▶ [Required work]:
An image-free, word-for-word version of the records below is to be returned.

'''

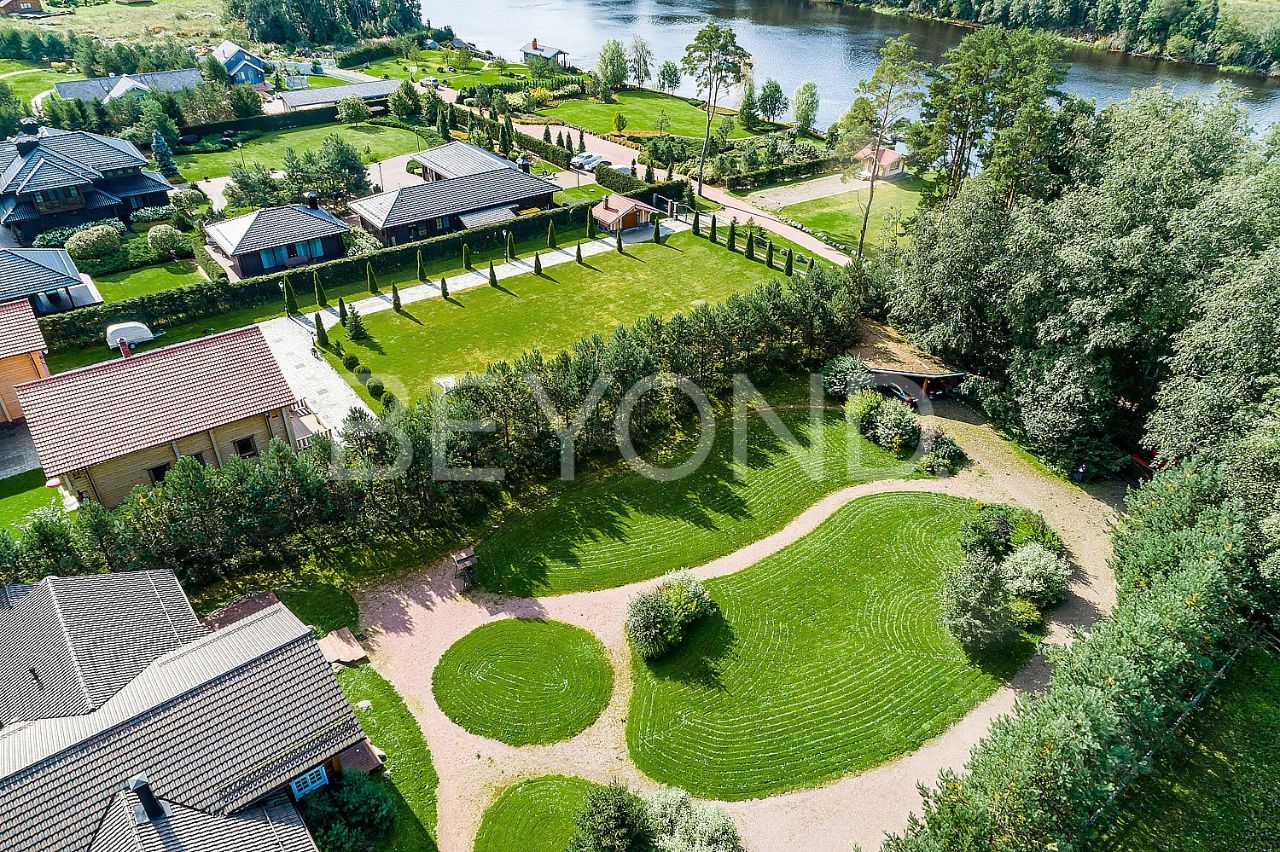 Предлагается к продаже усадьба, расположенная на участке площадью 1,1 га. Основной дом 246 кв. м из цельного бруса особо ценной породы алтайского кедра (400 мм / 220 мм). Древесина особо ценной породы обладает уникальными целебными свойствами, долговечностью, устойчивостью к гниению и старению. Благоприятно влияет на общее состояние организма, улучшая самочувствие и укрепляя иммунитет. Дом, его внутреннее пространство и интерьеры спроектированы и реализованы художником и скульптором с международным признанием. Высокие потолки. На первом этаже - просторная гостиная высотой 6 метров с примыкающей современной кухней-столовой. Четыре спальни, два санузла, финская сауна, гардеробные. На мансардном этаже пространство свободного назначения. Усадьба расположена на первой линии реки Бурная, в устье Ладожского озера. Собственная пристань и глубина позволяют причалить судну ''река-море'', обеспечивая легкий доступ к водным маршрутам региона, выход в Ладогу и через Неву в Балтику. Обширная благоустроенная территория с насаждениями и газонами, собственным живописным прудом с рыбами и лилиями. Участок защищен буферной парковой зоной 10 га. Автономность обеспечивается газовой котельной, дублированной дровяной котельной, собственная артезианская скважина с прекрасными питьевыми показателями, собственная ЛЭП и подстанция, круглосуточная охрана периметра, КПП. Дополнительно на территории расположен отдельный гостевой дом из бруса площадью 100 кв. м. Этот объект представляет собой идеальное сочетание эксклюзивного дизайна, экологически чистого строительства и уникальных природных условий, создавая неповторимую атмосферу комфорта и здоровья. Идеален для семейного отдыха и приема гостей. Живописный участок с усадьбой располагается вблизи реки Бурная, всего в 1,5 километрах от ее выхода в Ладожское озеро. Окружающий пейзаж прекрасно дополняет бескрайний хвойный лес Приозерского района. Полное единение с природой не отменяет удобного расположения относительно развитой инфрастуктуры - для резидентов обеспечена комфортная доступность к ближайшим торговым и социально-развлекательным объектам. Например, легко можно оказаться на курорте ''Игора'', посетить профессиональную гоночную трассу ''Игора Драйв'', рестораны и магазины. В 25 минутах выезд на Новоприозерское шоссе.
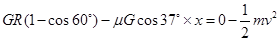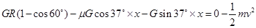 最终只能回到B点,速度0.在斜面上过程不管向上滑行还是向下滑行,摩擦力都是负功,而且摩擦力大小不变,假设斜面上滑行总路程为X,则有摩擦力做功![]()
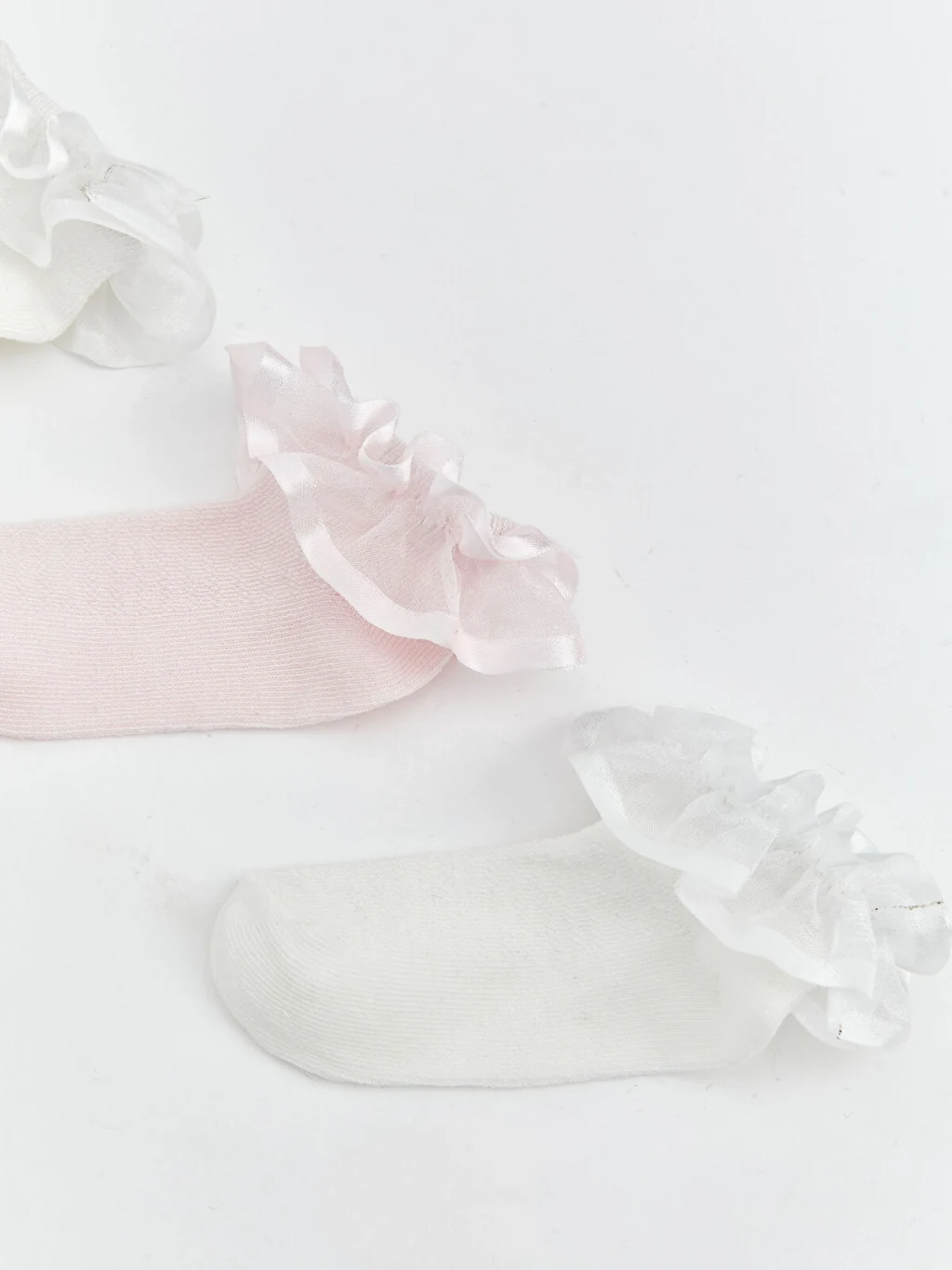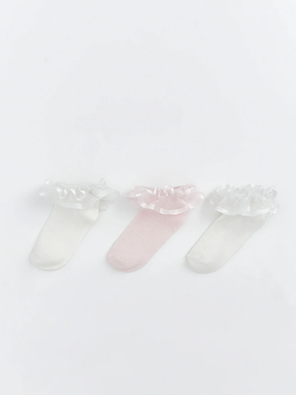 Bilekleri şerit detaylı ve fırfırlı olarak tasarlanmış kız bebek patik çorap, düz dokuma kumaştan üretilmiştir.
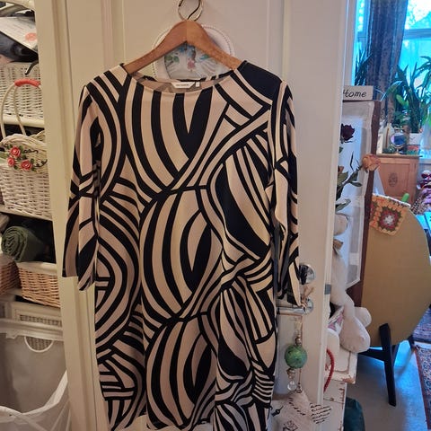 Kiva materiaali joka joustaa hieman ja laskeutuu kauniisti. Mitat noin, kainalo kainalo 51 cm, olka helma 70 cm
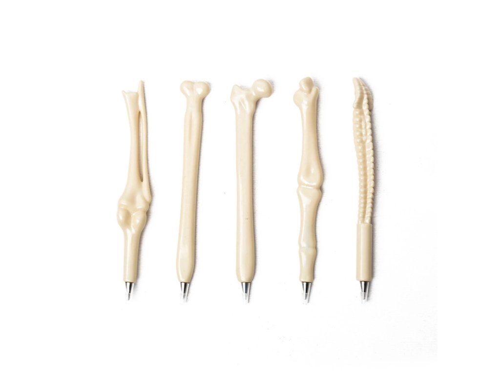 Perá v tvare kostí - dostupné v sade 5 kusov - sú jedinečné písacie nástroje, ktoré určite upútajú pozornosť a vykúzlia úsmev. Ideálne na použitie v ordináciách lekárov, veterinárov alebo fyzioterapeutov, kde anatomická téma môže dodať štipku humoru a originality. Vďaka plynulému písaniu sú perá v tvare kostí tiež perfektné pre každodenné poznámky študentov fyzioterapie alebo anatómie, zaisťujúce pohodlie pri práci aj štúdiu.
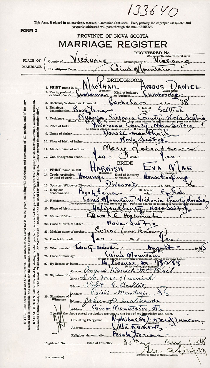 26. Place of marriage Cains Mountain, Victoria County

'''

▶ [Response]:
 Предлагается к продаже усадьба, расположенная на участке площадью 1,1 га. Основной дом 246 кв. м из цельного бруса особо ценной породы алтайского кедра (400 мм / 220 мм). Древесина особо ценной породы обладает уникальными целебными свойствами, долговечностью, устойчивостью к гниению и старению. Благоприятно влияет на общее состояние организма, улучшая самочувствие и укрепляя иммунитет. Дом, его внутреннее пространство и интерьеры спроектированы и реализованы художником и скульптором с международным признанием. Высокие потолки. На первом этаже - просторная гостиная высотой 6 метров с примыкающей современной кухней-столовой. Четыре спальни, два санузла, финская сауна, гардеробные. На мансардном этаже пространство свободного назначения. Усадьба расположена на первой линии реки Бурная, в устье Ладожского озера. Собственная пристань и глубина позволяют причалить судну ''река-море'', обеспечивая легкий доступ к водным маршрутам региона, выход в Ладогу и через Неву в Балтику. Обширная благоустроенная территория с насаждениями и газонами, собственным живописным прудом с рыбами и лилиями. Участок защищен буферной парковой зоной 10 га. Автономность обеспечивается газовой котельной, дублированной дровяной котельной, собственная артезианская скважина с прекрасными питьевыми показателями, собственная ЛЭП и подстанция, круглосуточная охрана периметра, КПП. Дополнительно на территории расположен отдельный гостевой дом из бруса площадью 100 кв. м. Этот объект представляет собой идеальное сочетание эксклюзивного дизайна, экологически чистого строительства и уникальных природных условий, создавая неповторимую атмосферу комфорта и здоровья. Идеален для семейного отдыха и приема гостей. Живописный участок с усадьбой располагается вблизи реки Бурная, всего в 1,5 километрах от ее выхода в Ладожское озеро. Окружающий пейзаж прекрасно дополняет бескрайний хвойный лес Приозерского района. Полное единение с природой не отменяет удобного расположения относительно развитой инфрастуктуры - для резидентов обеспечена комфортная доступность к ближайшим торговым и социально-развлекательным объектам. Например, легко можно оказаться на курорте ''Игора'', посетить профессиональную гоночную трассу ''Игора Драйв'', рестораны и магазины. В 25 минутах выезд на Новоприозерское шоссе.
 最终只能回到B点,速度0.在斜面上过程不管向上滑行还是向下滑行,摩擦力都是负功,而且摩擦力大小不变,假设斜面上滑行总路程为X,则有摩擦力做功![]()
 Bilekleri şerit detaylı ve fırfırlı olarak tasarlanmış kız bebek patik çorap, düz dokuma kumaştan üretilmiştir.
 Kiva materiaali joka joustaa hieman ja laskeutuu kauniisti. Mitat noin, kainalo kainalo 51 cm, olka helma 70 cm
 Perá v tvare kostí - dostupné v sade 5 kusov - sú jedinečné písacie nástroje, ktoré určite upútajú pozornosť a vykúzlia úsmev. Ideálne na použitie v ordináciách lekárov, veterinárov alebo fyzioterapeutov, kde anatomická téma môže dodať štipku humoru a originality. Vďaka plynulému písaniu sú perá v tvare kostí tiež perfektné pre každodenné poznámky študentov fyzioterapie alebo anatómie, zaisťujúce pohodlie pri práci aj štúdiu.
 26. Place of marriage Cains Mountain, Victoria County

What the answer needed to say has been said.